Никон недоуменно оглядел на торчащего в безделье Мардария, вскинул кустистые брови, мучительно стараясь вспомнить, о чем просил келейник: вздорно чего иль по делу?
– Ну, что тебе от старика? Ночесь не спал и поутру ты, как злой пристав…
– Великий патриарх, любя прошу, не мужиковствуй! – вдруг решительно выпалил монах, вздернул головенку. Тихой-тихой, а тут как под ребро петуха вздрючили. Никон с особенным любопытством взглянул на Мардария. – Святый, что же ты роняешь себя пред временниками? Гостюют всякие днями, а то и седьмицами, наш хлеб едят, твоим вещим словом окормляются, а после за твоей спиной несут про тебя всякий вздор: де, церкви не чтишь, царя поносишь и баб блудишь. Враки ведь все! Мне ли не знать!
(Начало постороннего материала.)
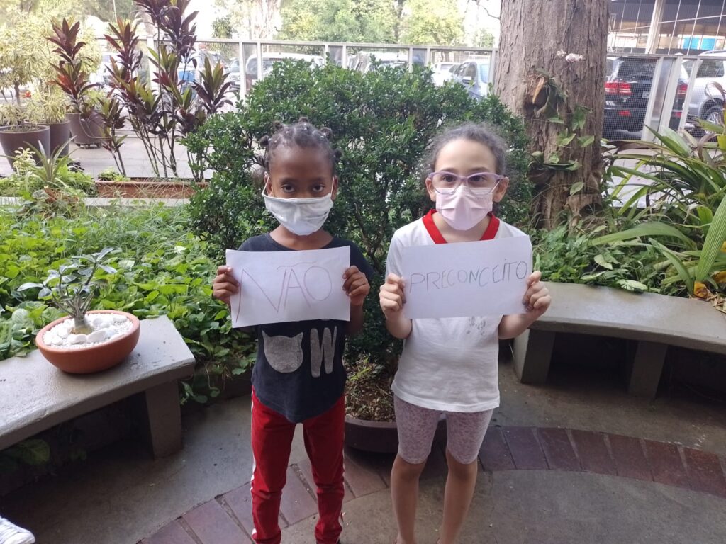 Os atendidos do CCA PROVIM da turma de Formação Humana, com Marcos Ribeiro, Educador, realizou cartazes que expressam informação e desconstrução do racismo. A turma mais jovem, guiadas por José Marcílio, Educador de Contação de Histórias, também se expressou e deixou seu recado a favor da união!

Никон не стал допирать, на кого ссылается келейник; и верно, что по смерти царя много шляется путевого народу, да и в братии шатания, и некоторые уже покинули старца, ушли в Белозерье. А там-то рады наговорам, ужо помоют косточки невольнику: то-то икается…
– А ты чужого сору не собирай, – сурово сказал Никон. Будто не дошло, о чем речь ведет Мардарий. – Из Москвы сплетки? От братьев Лопухиных? Иль при них что лишку сболтнул? Дак то с великого горя. Сам помнишь… Иль кто из моих наушает? Показывают на Иону, да я что-то не верю… Но ты сору не выметай и не сбирай, не мне его знать. Без греха рожи не износишь, а что лишнее наплетут, дак ко мне не липнет…
– А я и не собираю, батько.
– Вот и не сбирай… Слушай, а с чего ты вдруг взял, такой разумник, что я мужиковствую? И слово-то выдумал, как филозоп запешный. Мужи-ков-ствую. Ха-ха… Сынок, да просто старый я стал дрын, окривел на два глаза, охромел на обе ноги, руки будто решето, а за плечами горб. Вот и не видкий, ничего меня не личит, лепости во мне нет. А вы, сукины дети, любите видких, идолов лепите, чтобы поклоняться. Ох-те мне, и что на вас наслать? Какую грозу?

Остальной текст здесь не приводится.